I was wondering the same thing about concerts..
 
I own a Mya Moe soprano and a baritone, both radiused, and feel no difference in ease of playability on either compared to my non-radiused sopranos and baritones.
 
I am a beginning player who is having difficulty with barre chords. I often get a dead C or E string.

Sorry, but you need to practice more and improve your technique. Your strength will develop in time. A radiused fret board is not a magical solution to poor technique.
 
What Chuck is talking about is often as simple as hand position or gripping too tight. If you try different hand positions, you might find something very comfortable that facilitates easy barre chords.
 
There is no benefit to a radius neck on a soprano. (How's that for a flat opinionated pronouncement?). In all seriousness, to the extent that a radius helps, it is with a larger neck.
 
Barre chords used to be impossible for me too. The trick is to get the barring finger as close to the fret as possible, and to try out different angles so that your finger is as comfortable as possible. Don't try and grip too tight, as Pippin suggests, especially on a soprano you shouldn't need to much pressure to fret properly.

Once it clicks it's very very satisfying because it opens up so many chords up the neck.

Just keep at it until it's natural.
 
But isn't the width of the neck generally the same whether it's soprano, concert or tenor? It seems that the value of a radius (or not) would be the same for a soprano as for a tenor. Unless making a bigger stretch to reach the frets is the thing that is making it difficult to barre on a bigger uke.

On the other hand, you probably will get more comfortable barring as you go on.

What does your luthier say?
 
Sorry, but you need to practice more and improve your technique. Your strength will develop in time. A radiused fret board is not a magical solution to poor technique.

I believe that Chuck has struck at the heart of the recent fretboard radius hullabaloo. A smaller radius should not be viewed as a panacea for poor technique.

In the OP's particular case, it is highly doubtful that you would feel much difference on a soprano neck - unless the radius was drastically small. I would, however, be sure that your instrument is properly set up. I find many beginner instruments to have obscenely high action at the nut, and since you probably spend the majority of your time in first position, this could make barre chords akin to the eighth labor of Hercules.

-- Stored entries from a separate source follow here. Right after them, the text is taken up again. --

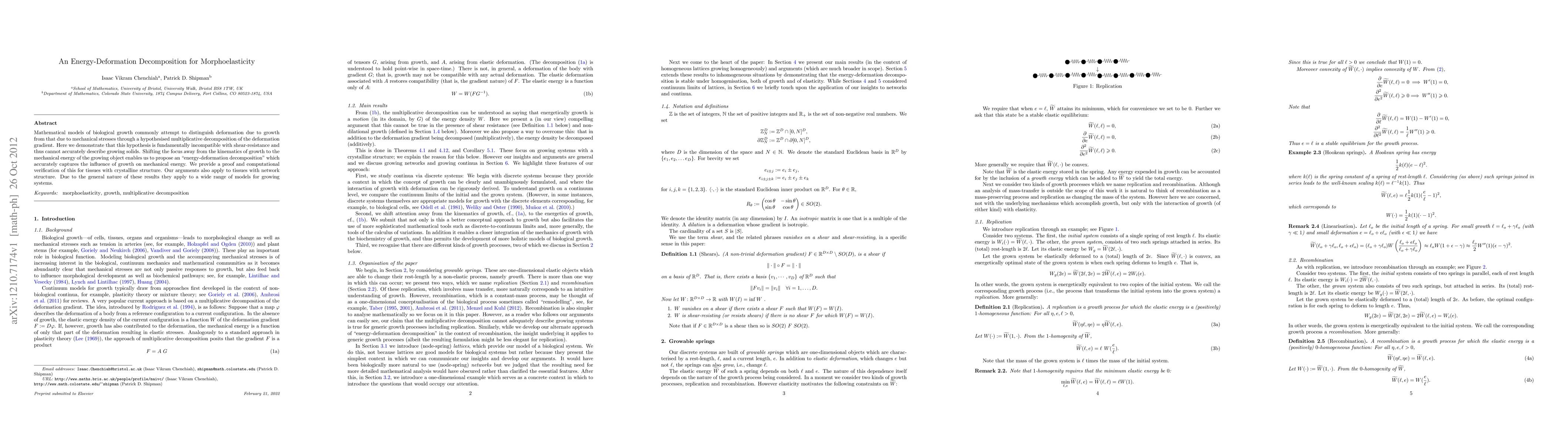 This paper argues that the traditional multiplicative decomposition of deformation gradient in biological growth models is flawed due to shear-resistance. It proposes an "energy-deformation decomposition" based on mechanical energy, validated computationally for tissues with crystalline and network structures, and applicable to various growing systems.
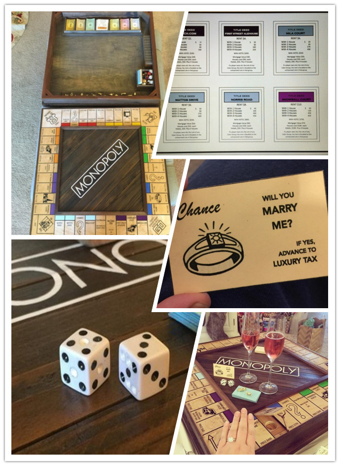 賈斯汀(不是那個比伯...)和女票米哈爾從高中時代就是桌游“大富翁”的腦殘粉。他打算送給米哈爾一個新的大富翁棋盤,并借此向她求婚。這個大富翁棋盤絕壁是世上最獨一無二的,因為它不是買的,而是賈斯汀花了三周時間親自設計,并拜托做木匠的好基友打造而成,上邊的各種地名全是他和女票一起長大或者去過的地方。為了確保求婚成功,他特意在游戲中設計了一張機會卡,對應棋盤的第七格,上面寫著“你愿意嫁給我嗎?”又為了確保女票能在游戲中將骰子順利擲出“7”,他更是想了一個讓人哭笑不得的主意,見下圖左下角。于是女票就像掉入陷阱的小羊,妥妥地被賈斯汀套牢啦。其實這叫投其所好,如果你的女朋友熱衷于密室逃生的腦殘粉,就設計一場密室逃脫游戲?qū)⑺卫卫ё“伞?/span>
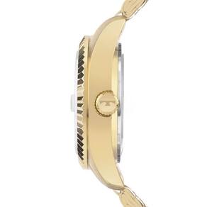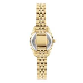 Relógio Technos Riviera feminino com caixa e pulseira de aço em banho dourado. Enaltecendo a essência dos clássicos, o modelo possui o icônico aro externo corrugado e vidro com lupa de calendário, ambos elementos tradicionais do universo relojoeiro. Além da pulseira diferenciada 5 links, ele apresenta mostrador de cor champanhe, que conta com a aplicação de pedras nos marcadores de hora. Produto 100% em aço inoxidável, com máquina quartz japonesa, calendário e resistência à água de 50m
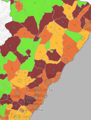 Siguen esta línea otros municipios del departamento de Castelló. La capital de la provincia logra teñirse de naranja y pasar de riesgo extremo a alto con 440,14 (-169,85) puntos. Del mismo modo, otras localidades como Orpesa ( 385,48), Benicàssim (392,07) o Almassora (332,81) pasan a riesgo alto.
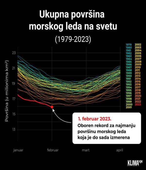 На почетокот на февруари вкупната површина на морскиот мраз, на Арктикот и на Антарктикот, падна на 15,94 милиони квадратни метри, што е најниско ниво од почетокот на водење евиденција во 1979 година, покажуваат сателитските податоци.
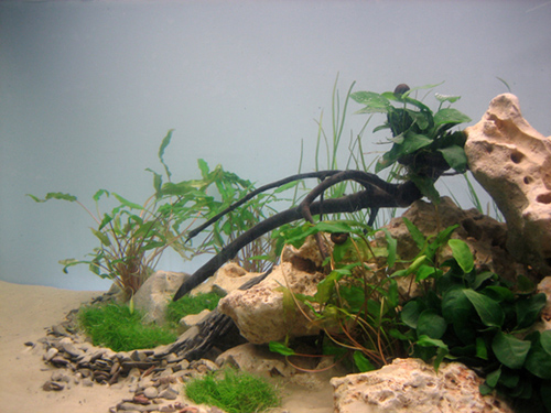 Einzelne Anubias und Cryptocorynen sollten Akzente setzen, während Vallisnerien und Aponogeton im Hintergrund für einen angemessen Grünanteil sorgen.
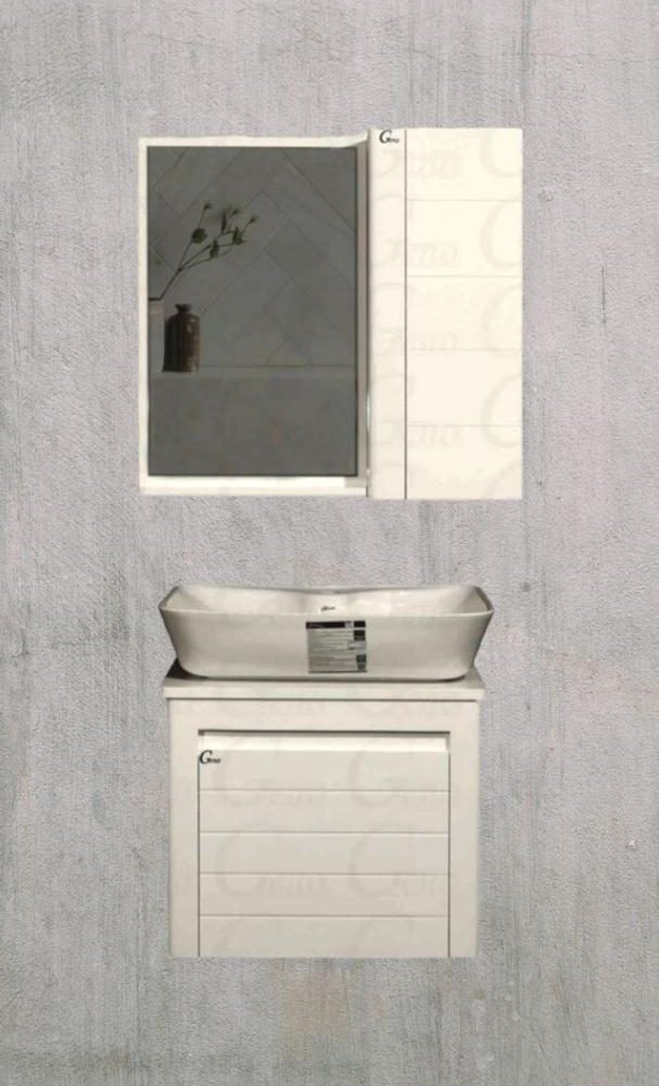 کابینت روشویی PVC ضد آب + آینه تاچ LED | روشویی سرامیکی
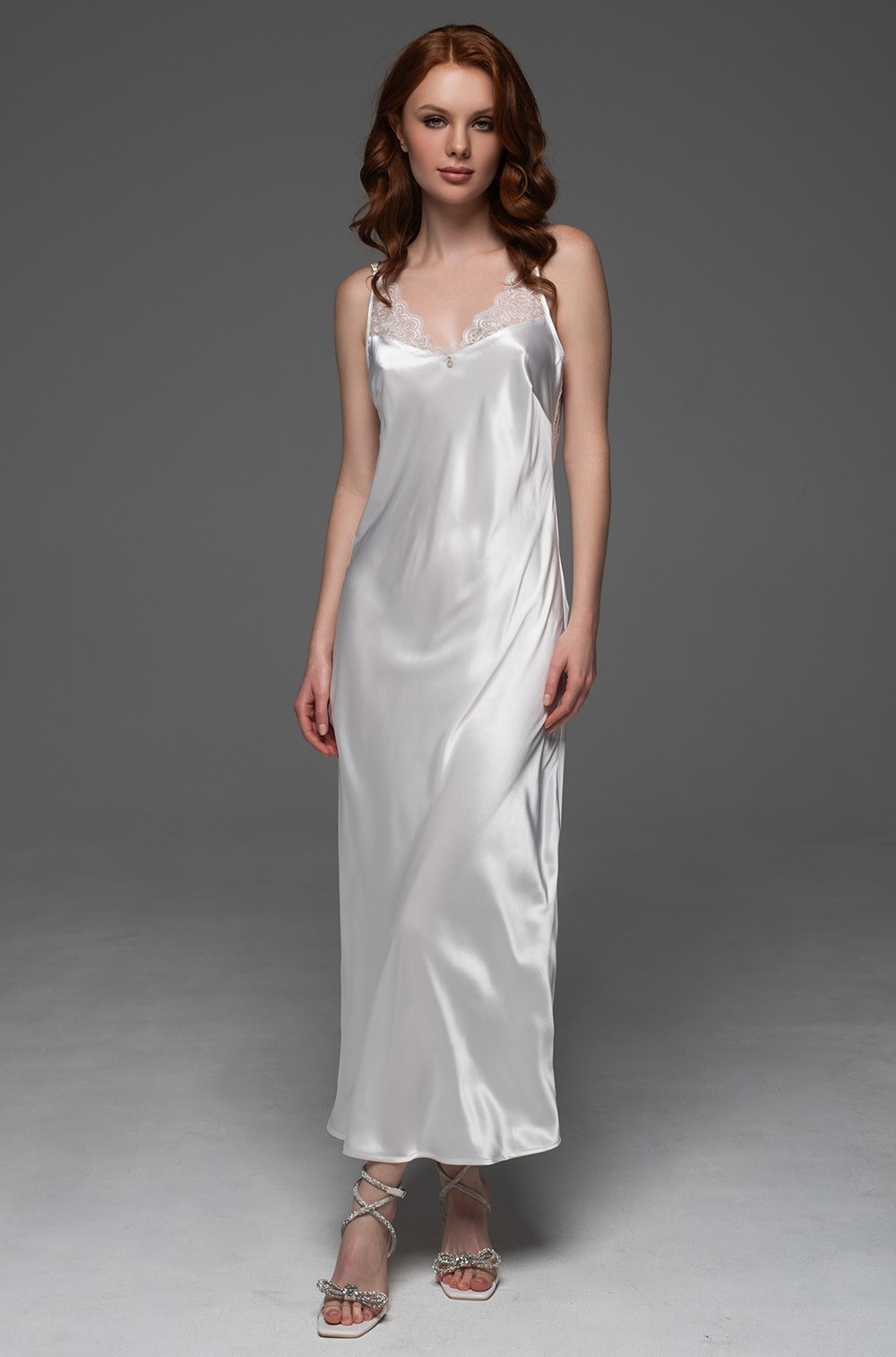 • Элегантная шёлковая сорочка ниже колен белая Аделаида 4707 Mia-Amore

Once you get some mileage on the fretboard, you may very well decide that you prefer a different scale length, nut width, fretboard radius, etc - which is your prerogative.
 
Take the above advise to heart. A radiused fretboard is different, but not really better for any purpose. Barring chords is a challenge when you first start playing. Whichever fretboard you get, you've got to put in the time too learn. If you don't, there's no instrument, no option, and no string-set that will help.
 
Whichever fretboard you get, you've got to put in the time too learn. If you don't, there's no instrument, no option, and no string-set that will help.

Correct. And once you have learned to effectively barre chord, the debate about radiused and nonradiused fretboards will interest you about as much as the debate over replacing the eroded beach sand in Argentina (unless you live on the beach in Argentina, that is).
 
Thank you for all of your responses. I guess I'll stick to a flat fretboard soprano. I should really start practicing more and stop trying to "buy" my way to better playing!
 
Hey its fun to get new ukes. You can't buy yourself into being a better player, but you can have fun.
 
Thank you for all of your responses. I guess I'll stick to a flat fretboard soprano. I should really start practicing more and stop trying to "buy" my way to better playing!

Buying instruments is part of the fun and learning experience. You can google 'ukulele bar chords' for lots of ideas and then find what works best for you. Here are a couple of areas to look at. 1. thumb position 2. closeness to fret 3. pressure needed (less can be more) 4. finger position (tip of finger extends out over fingerboard not just long enough to cover fretboard is one option). Before you know it you'll be moving on to other challenges.
 
On my player a Kala KA-EM which I bought with a decent setup still I had to refile my nut a tad to lower my strings. I was having a hell of an issue with barre chords in the first two frets. I noticed it most in the G, C and E string but I had to lower them all.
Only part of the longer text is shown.